Ultrasensitive detection of low-dose gamma radiation using polymeric thin films on microelectromechanical system-based sensors

Abstract

ABSTRACT A polymer-coated microelectromechanical system (MEMS) sensor was used in this study to detect electromagnetic nuclear radiation (gamma radiation) with high sensitivity. The resonance frequencies shift (RFS) resulting from the effect of gamma irradiation on the MEMS sensors coated with two polymeric thin films (polyacrylic acid [PAA] and polystyrene [PS]) were measured. The mechanical and optical properties of the coated polymer layers on Si wafers were evaluated before and after irradiation using atomic force microscopy (AFM) and ultraviolet–visible spectrophotometry. Further, surface roughness and reflectivity of the PS polymer thin film were found to be linear as a function of the gamma irradiation time. However, there was no noticeable change in the RFS, surface roughness, or reflectivity of the PAA polymer thin film.
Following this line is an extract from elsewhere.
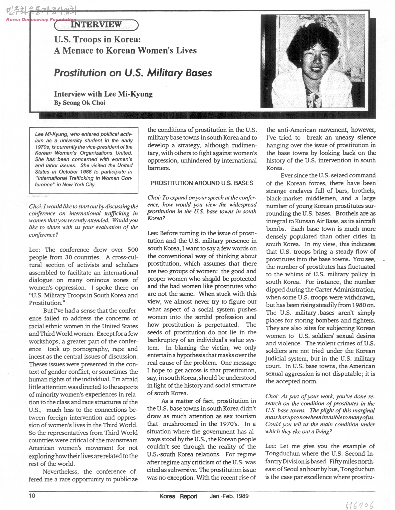 [신문스크랩][Interview-U.S. Troops in Korea: A Menace to Korean Women's Lives 외]

These results were confirmed using spectroscopic ellipsometry measurements which showed that the surface roughness increased linearly as a function of the gamma irradiation time. Based on these findings, the interaction between gamma radiation and PS polymer revealed that the MEMS coated with PS produced a linear response that could be used to develop radiation sensors for low gamma doses. Although many techniques exist for detecting nuclear radiation, the sensor proposed has ultrasensitivity, high measurement accuracy, and low cost.